» Task objective: Whatever precedes the line containing "无上良品奶油风布艺吊灯卧室书房法式中古餐厅民宿薯片草帽南洋灯" is not copied; that line and every line after it through the final one below are copied exactly, except pictures.

** Opening Exercise material block **

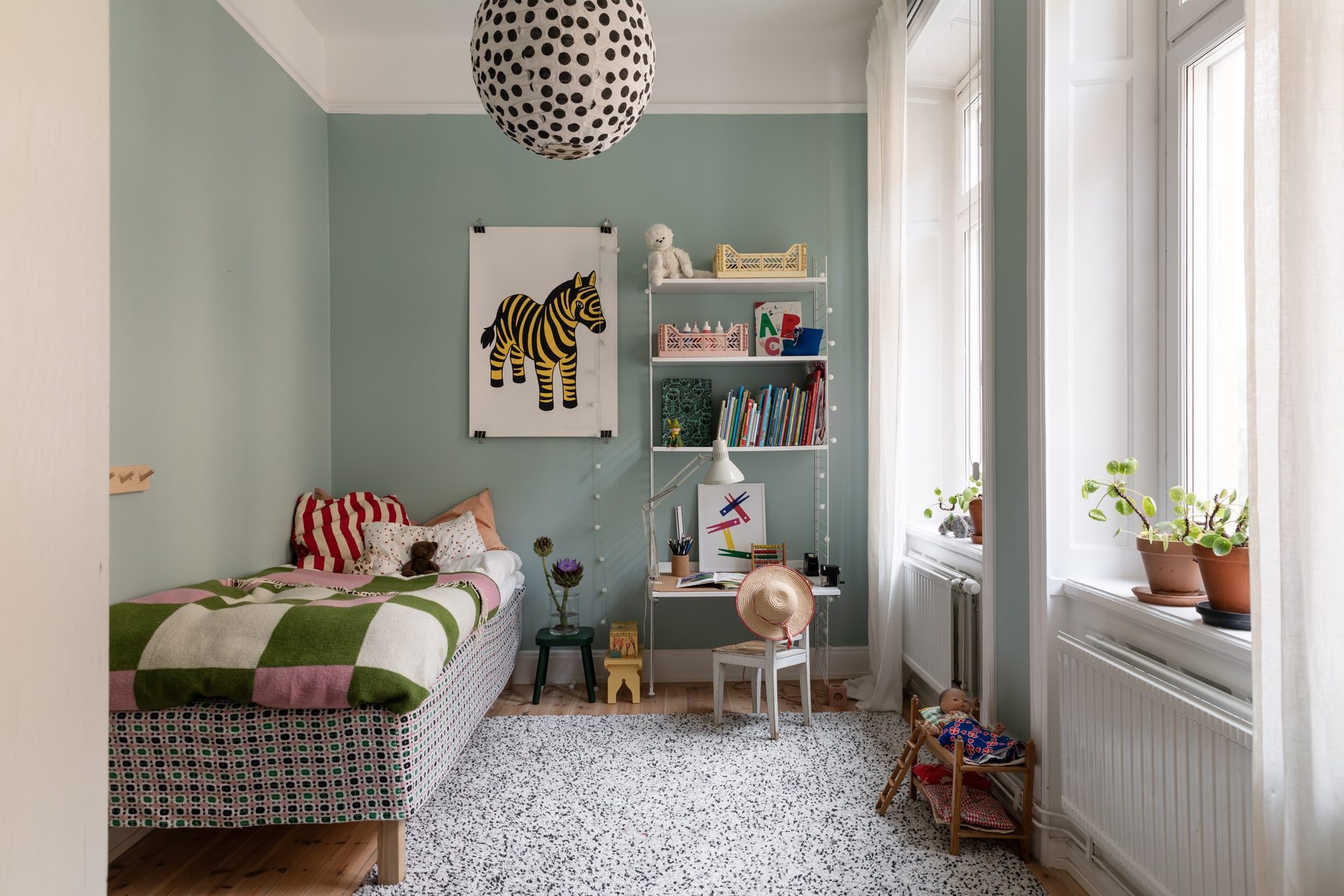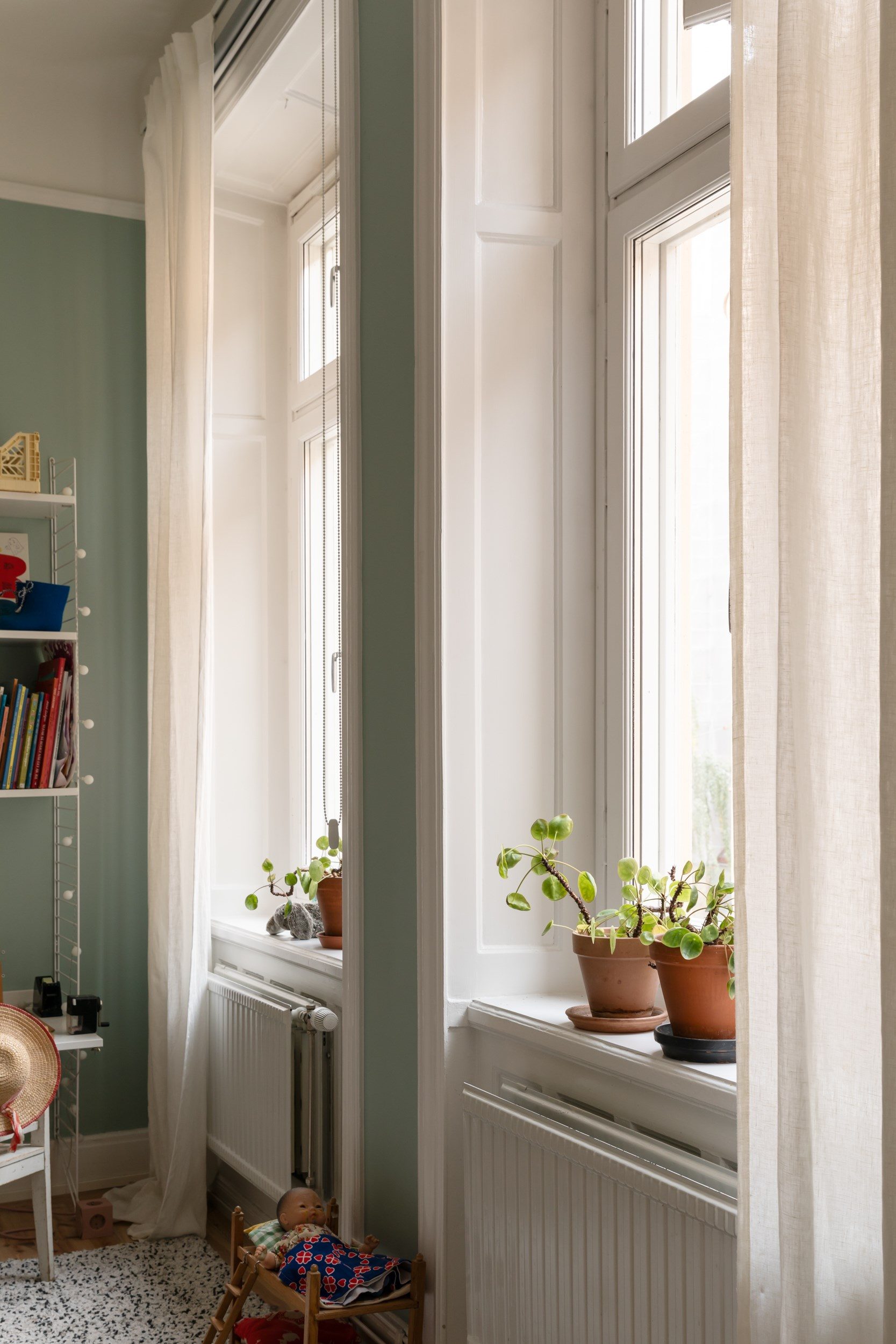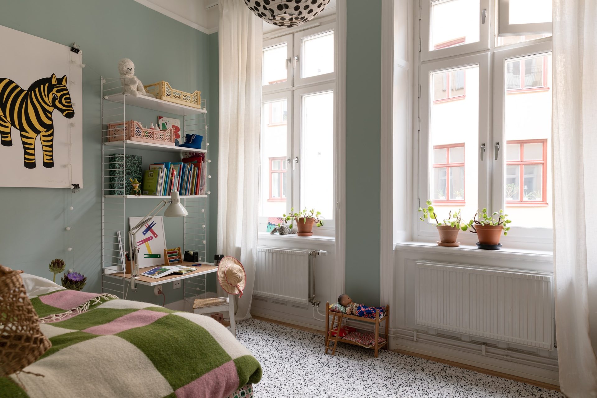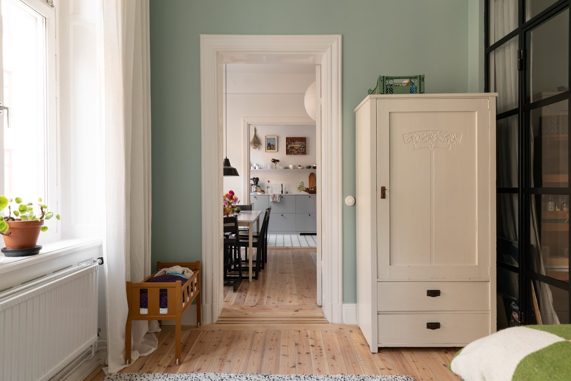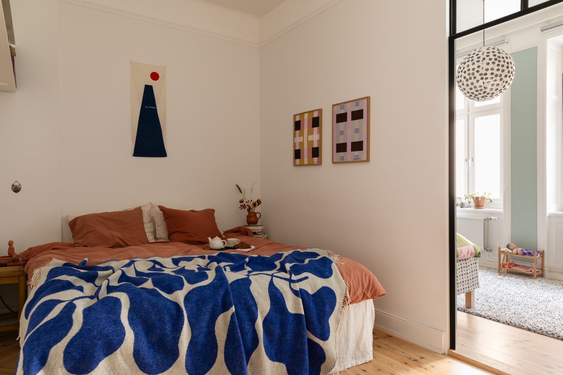 Lägenhetens sovrum nås främst via vardagsrummet, samt via en glasad dörr från sovrum 2, och nyttjas idag som barnrum. Väggarna är målade i en turkos kulör som passar väl ihop med furugolvet. Två stora fönster i fil släpper in fantastiskt ljus.
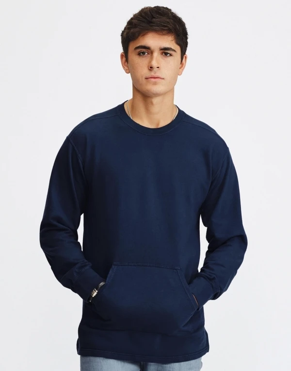 Předepraná a jednotlivě barvená tkanina (garment dye), páska za krkem (twill), 1x1 žebrované manžety rukávů, klokaní kapsa, snížený pas, postranní rozparky, dvojité prošití spodního lemu.
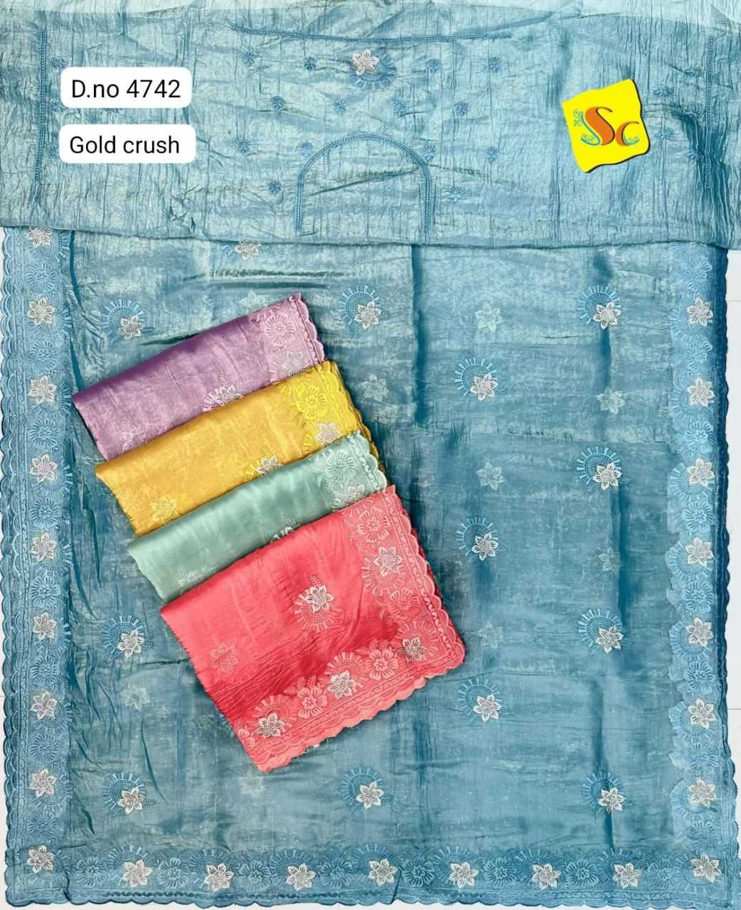 Gold Crush Designer Stone Wedding Saree | Embellished Party Wear
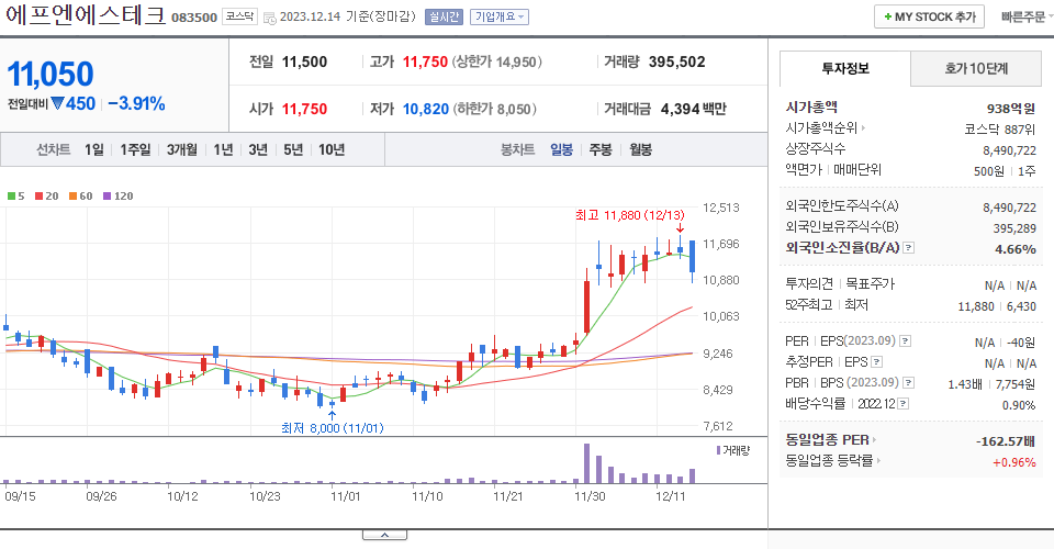 - 2023-12-11 - 120억원 규모 CB발행 결정에 하락
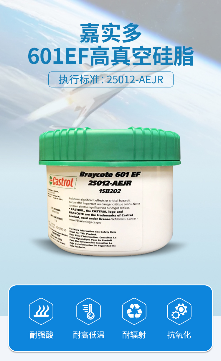 油脂簡述:Castrol Braycote 601EF(嘉實多601EF)是一種氟類潤滑脂,其可在- 80℃ ~ 205℃范圍內使用,同時具備優良的惰性,已廣泛用于多個國家的宇宙飛船、運載火箭、衛星、空間站等航天器上。"/>
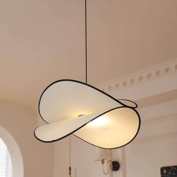 无上良品奶油风布艺吊灯卧室书房法式中古餐厅民宿薯片草帽南洋灯
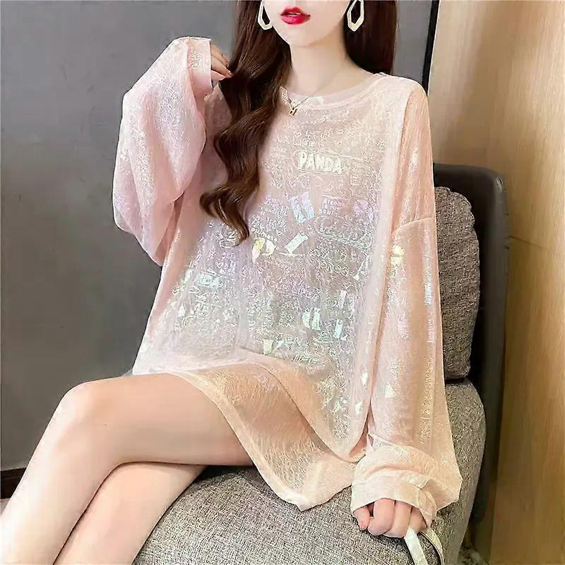 Women Spring Summer Korean Fashion Loose Printing Solid Color O-neck Long Sleeve T-Shirt Ladies Trend All-match Casual Tops
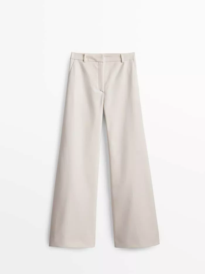 Παντελόνι κουστουμιού καμπάνα εκρού - Studio, Massimo Dutti.
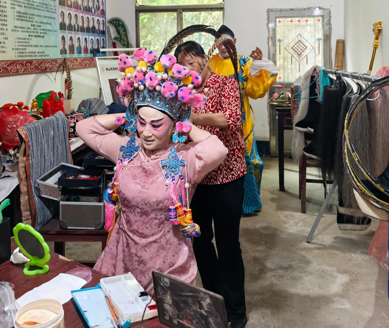 “女将军若问孤王姓名,孤是大宋乾德君……”这一次,西皮、二黄的唱腔不在梨园台上,大别山区深处回荡起最后二十余人的承传。8月19日-21日,安徽理工大学校话剧团京剧溯源——“潜山弹腔”非遗传承调研团来到安徽省安庆市潜山市五庙乡,调研安徽省非物质文化遗产、濒危剧种“潜山弹腔”。
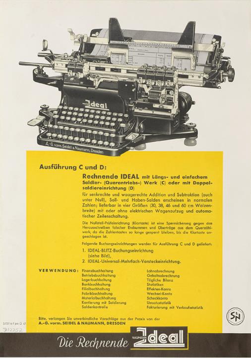 Prospekt für Schreib- und Buchungsmaschine Ideal mit Längs- und einfachem Saldier- (Querantriebs-) Werk (C) oder mit Doppelsaldiereinrichtung (D) Nr. S 7311a f pa G

** Closing Exercise material block **

» Response area:
 无上良品奶油风布艺吊灯卧室书房法式中古餐厅民宿薯片草帽南洋灯
 Women Spring Summer Korean Fashion Loose Printing Solid Color O-neck Long Sleeve T-Shirt Ladies Trend All-match Casual Tops
 Παντελόνι κουστουμιού καμπάνα εκρού - Studio, Massimo Dutti.
 “女将军若问孤王姓名,孤是大宋乾德君……”这一次,西皮、二黄的唱腔不在梨园台上,大别山区深处回荡起最后二十余人的承传。8月19日-21日,安徽理工大学校话剧团京剧溯源——“潜山弹腔”非遗传承调研团来到安徽省安庆市潜山市五庙乡,调研安徽省非物质文化遗产、濒危剧种“潜山弹腔”。
 Prospekt für Schreib- und Buchungsmaschine Ideal mit Längs- und einfachem Saldier- (Querantriebs-) Werk (C) oder mit Doppelsaldiereinrichtung (D) Nr. S 7311a f pa G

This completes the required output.